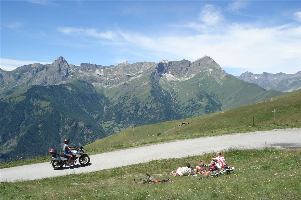 Kurz vor Ende überholten mich noch meine Zeltnachbarn. Gesehen haben sie von der Landschaft bei dem Tempo sicher nicht viel. Später auf dem Zeltplatz wurde berichtet, dass sie sich bei einigen "Lockerungsübungen" abseits im Gelände gegenseitig filmten. "Eh, Ralf, wie hieß der Colle gleich, den wir gefahren sind? War das der 410er (das ist die Denzel-Streckennummer, und ja, Ihr wart auf der Assietta)?" Ohne Worte...
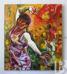 Живопись московской художницы – колоритная смесь реализма и модернизма. Собственно, о колоритности начинаешь размышлять еще на входе в зал областного художественного музея. На одной стене сгруппированы шесть полотен – полиптих «Арбузы». Автор сгущает краски и контрасты, и через невинный сюжет – поедание сладкого плода в семейном кругу – проступают чуть ли не мотивы древних священных ритуалов… Впрочем, все это ирония и гротеск, которые превращают мужчину над тарелкой арбузных долек в персонажа фильма ужасов. Художник не пугает зрителя – лишь показывает, насколько увлеченным, до исступления, можно быть в разные моменты жизни.
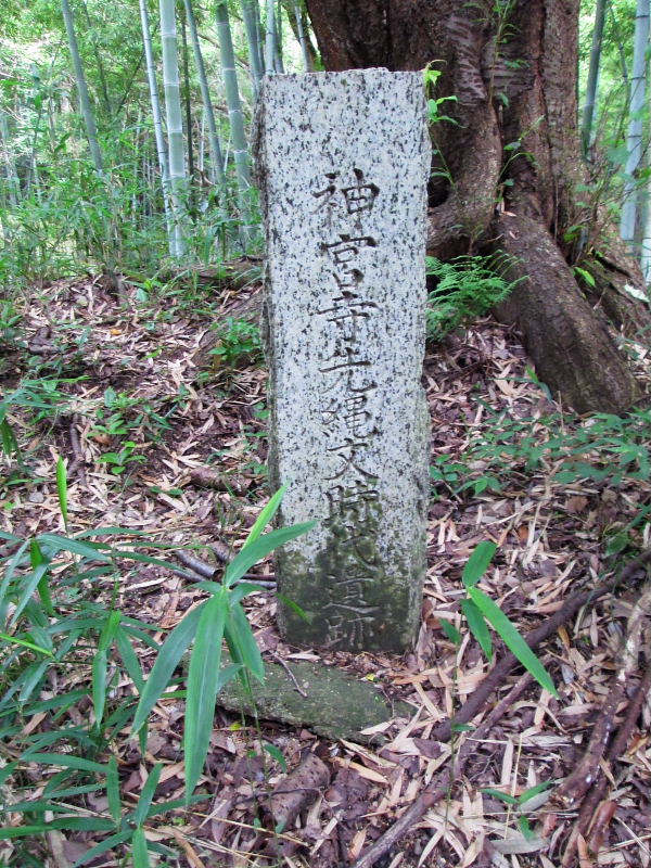 「神宮寺」とは一般的に宮寺とも言い、神社に付属して建てられたお寺のことです。日本に仏教が入って来た時に、それを日本の神々とどう共存させるかを考えた結果、日本の神々は、日本人に理解しやすいように仏が仮の姿を現したものであるという考え方が生まれました(本地垂迹説=ほんちすいじゃくせつ)。そこで神社の境内や周辺に寺が建てられ、神社と寺院の両方を管理して神社の祭祀を仏式で行う社僧が置かれるようになりました。このような考え方により、奈良時代にはすでに越前国(現在の福井県)気比神宮で神宮寺が建てられています。 交野の「神宮寺」は郡南街道沿いの通称「宮山」と呼ばれる所にあったといわれています。宮ノ下とは、この神宮寺の下の地域という意味です。また、神宮寺と対をなしていた神社の名前は伝わっていませんが、素盞鳴尊(すさのおのみこと)を主神とし、末社に金比羅・稲荷・天神・春日・愛宕の神が祀られていて、明治8年に機物神社に合祀されました。 |
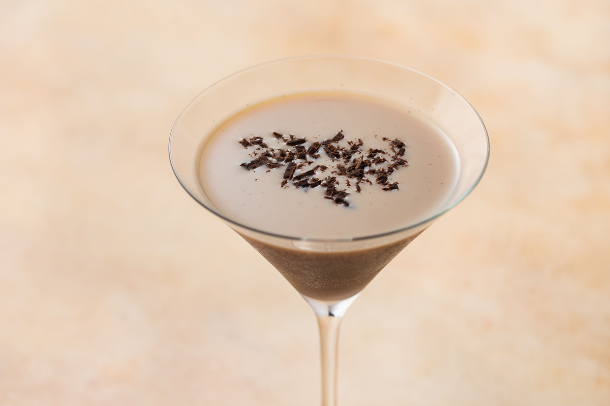 Сладкий коктейль «Шоколатини» на основе ликера и водки можно подавать в качестве десертного напитка с мини-бисквитами, печеньем или какими-нибудь легкими шоколадными десертами.
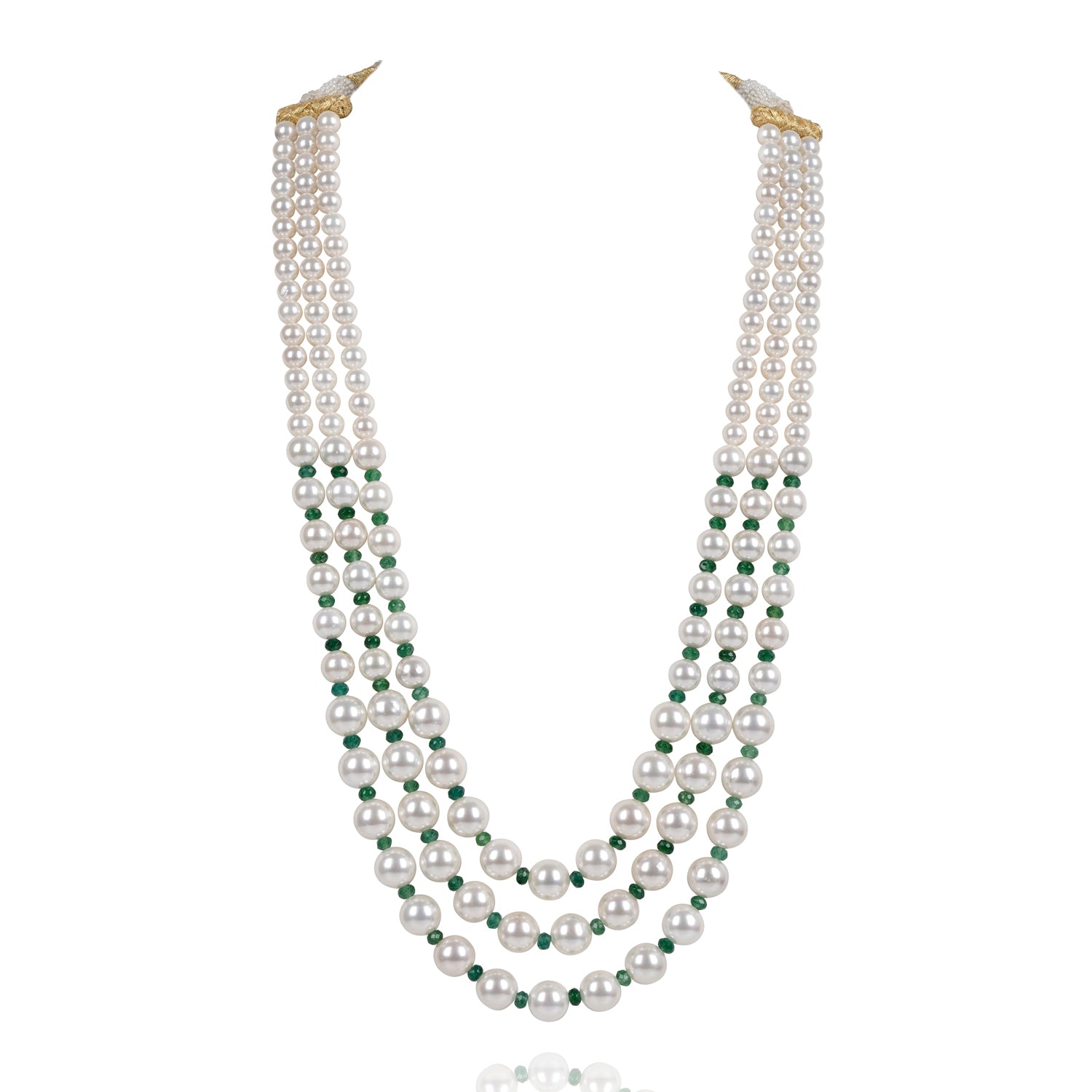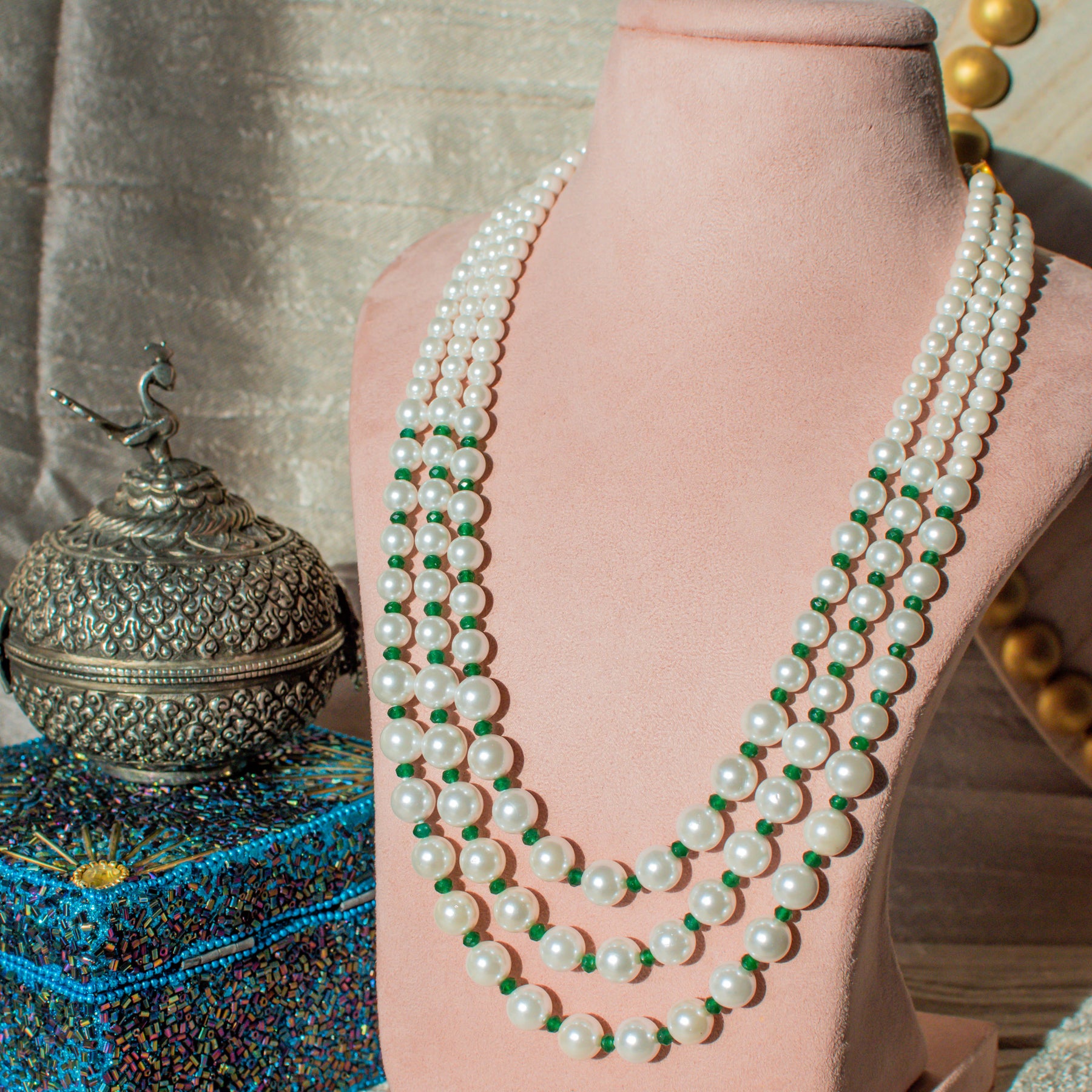 Classic three-layered pearl mala with refreshing emerald green motis. Approximate mala length is 9.5".
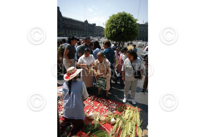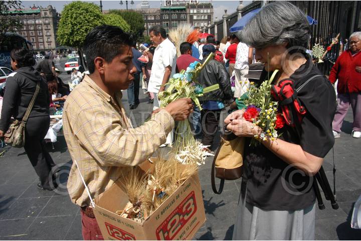 MÉXICO D.F. 01ABRIL2007.-Una señora compra sus ramos de palma antes de acudir a misa de domingo de ramos, con lo cual da inicio la semana mayor en la catedral metropolitana. FOTO: GUILLERMO PEREA/CUARTOSCURO.COM
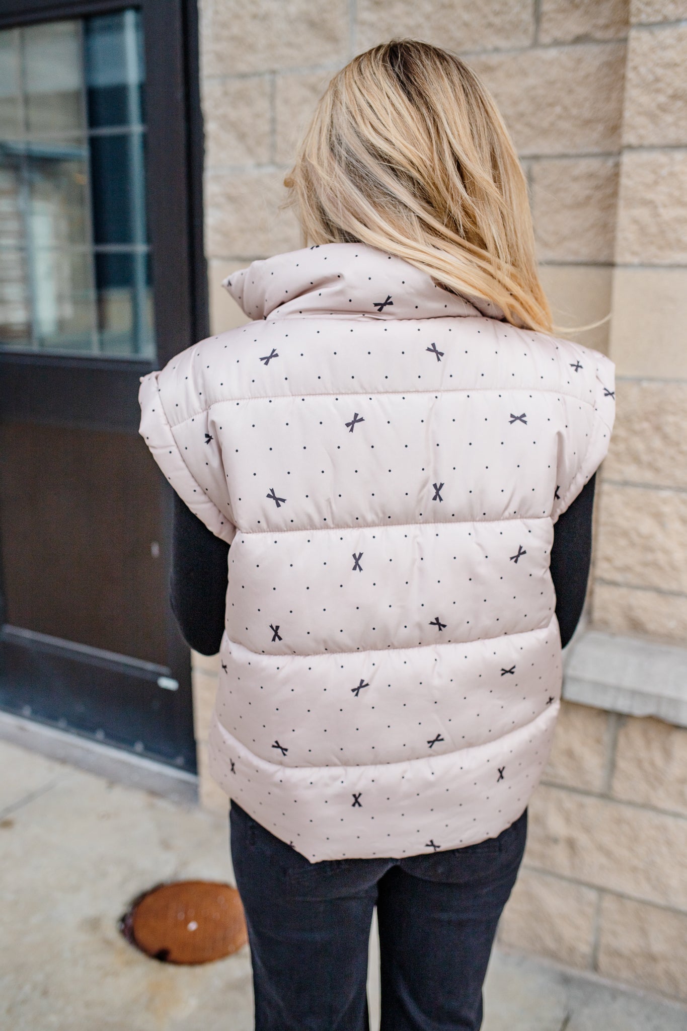 Polka Dot Bow Puffer Vest - Light Khaki / Small is backordered and will ship as soon as it is back in stock.
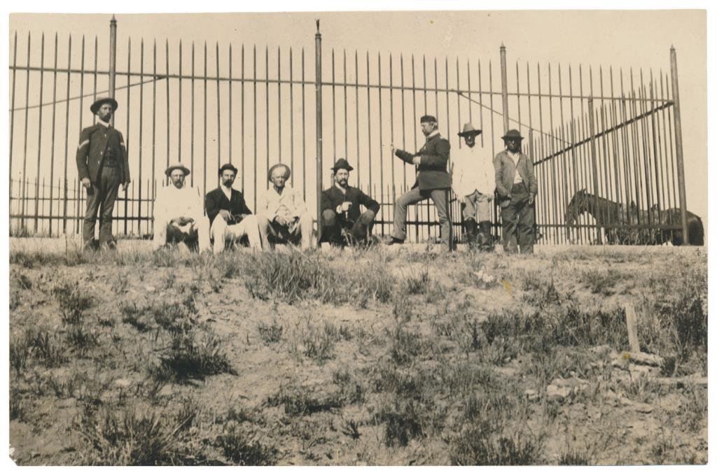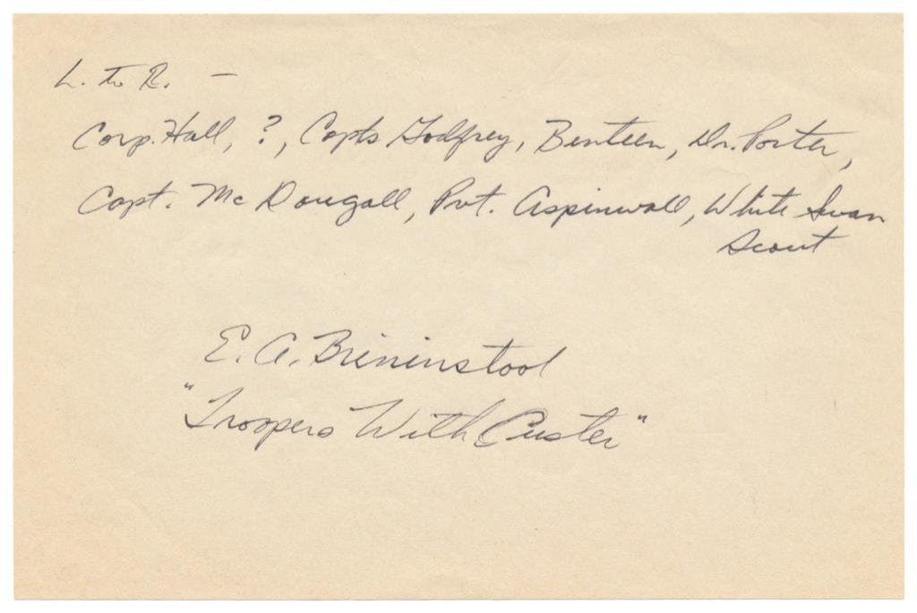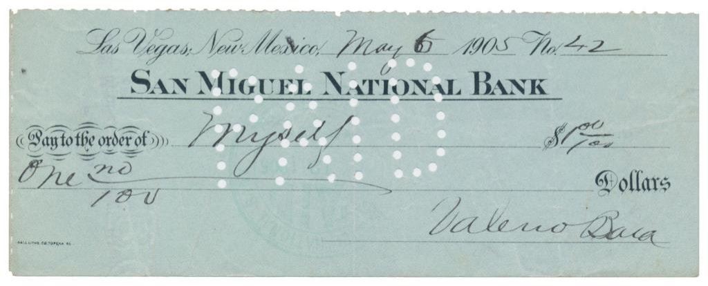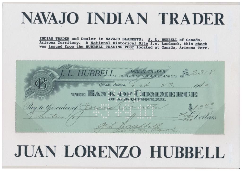 Western paper lot of 8 pieces including a wagon train photo; an early cabinet photo of the San Juan Mission; a small photo of Tucson, AZ ca 1898; an old photo of 8 men at the Custer Battlefield (credited to D.F. Barry) including Corporal Hall, Dr. H.R. Porter, Capt. E.S. Godfrey, General Benteen, Capt. W.S. Edgerly, Capt. Theo. McDougall, Private Aspinwall and Indian Scout “White Swan”; a cabinet photo of the famous “Jersey Lily”, Mrs. Langtry; a cabinet photo of a lady in her finery by J.C.H. Grabill of Deadwood and Sturgis, Dakota Territory; a 1910-dated canceled check from J.L. Hubbell, Indian Trader and a canceled check drawn on the San Miguel National Bank of Las Vegas, NM Terr., dated 1905 and signed by Valerio Baca, a descendant of the famed Spanish pioneer Baca Family of early New Mexico. Est.: $175-$275.

──────

TASK:
Copy out the entries exactly. No pictures.

RESULT OF THE TASK:
 Kurz vor Ende überholten mich noch meine Zeltnachbarn. Gesehen haben sie von der Landschaft bei dem Tempo sicher nicht viel. Später auf dem Zeltplatz wurde berichtet, dass sie sich bei einigen "Lockerungsübungen" abseits im Gelände gegenseitig filmten. "Eh, Ralf, wie hieß der Colle gleich, den wir gefahren sind? War das der 410er (das ist die Denzel-Streckennummer, und ja, Ihr wart auf der Assietta)?" Ohne Worte...
 Живопись московской художницы – колоритная смесь реализма и модернизма. Собственно, о колоритности начинаешь размышлять еще на входе в зал областного художественного музея. На одной стене сгруппированы шесть полотен – полиптих «Арбузы». Автор сгущает краски и контрасты, и через невинный сюжет – поедание сладкого плода в семейном кругу – проступают чуть ли не мотивы древних священных ритуалов… Впрочем, все это ирония и гротеск, которые превращают мужчину над тарелкой арбузных долек в персонажа фильма ужасов. Художник не пугает зрителя – лишь показывает, насколько увлеченным, до исступления, можно быть в разные моменты жизни.
 「神宮寺」とは一般的に宮寺とも言い、神社に付属して建てられたお寺のことです。日本に仏教が入って来た時に、それを日本の神々とどう共存させるかを考えた結果、日本の神々は、日本人に理解しやすいように仏が仮の姿を現したものであるという考え方が生まれました(本地垂迹説=ほんちすいじゃくせつ)。そこで神社の境内や周辺に寺が建てられ、神社と寺院の両方を管理して神社の祭祀を仏式で行う社僧が置かれるようになりました。このような考え方により、奈良時代にはすでに越前国(現在の福井県)気比神宮で神宮寺が建てられています。 交野の「神宮寺」は郡南街道沿いの通称「宮山」と呼ばれる所にあったといわれています。宮ノ下とは、この神宮寺の下の地域という意味です。また、神宮寺と対をなしていた神社の名前は伝わっていませんが、素盞鳴尊(すさのおのみこと)を主神とし、末社に金比羅・稲荷・天神・春日・愛宕の神が祀られていて、明治8年に機物神社に合祀されました。 |
 Сладкий коктейль «Шоколатини» на основе ликера и водки можно подавать в качестве десертного напитка с мини-бисквитами, печеньем или какими-нибудь легкими шоколадными десертами.
 Classic three-layered pearl mala with refreshing emerald green motis. Approximate mala length is 9.5".
 MÉXICO D.F. 01ABRIL2007.-Una señora compra sus ramos de palma antes de acudir a misa de domingo de ramos, con lo cual da inicio la semana mayor en la catedral metropolitana. FOTO: GUILLERMO PEREA/CUARTOSCURO.COM
 Polka Dot Bow Puffer Vest - Light Khaki / Small is backordered and will ship as soon as it is back in stock.
 Western paper lot of 8 pieces including a wagon train photo; an early cabinet photo of the San Juan Mission; a small photo of Tucson, AZ ca 1898; an old photo of 8 men at the Custer Battlefield (credited to D.F. Barry) including Corporal Hall, Dr. H.R. Porter, Capt. E.S. Godfrey, General Benteen, Capt. W.S. Edgerly, Capt. Theo. McDougall, Private Aspinwall and Indian Scout “White Swan”; a cabinet photo of the famous “Jersey Lily”, Mrs. Langtry; a cabinet photo of a lady in her finery by J.C.H. Grabill of Deadwood and Sturgis, Dakota Territory; a 1910-dated canceled check from J.L. Hubbell, Indian Trader and a canceled check drawn on the San Miguel National Bank of Las Vegas, NM Terr., dated 1905 and signed by Valerio Baca, a descendant of the famed Spanish pioneer Baca Family of early New Mexico. Est.: $175-$275.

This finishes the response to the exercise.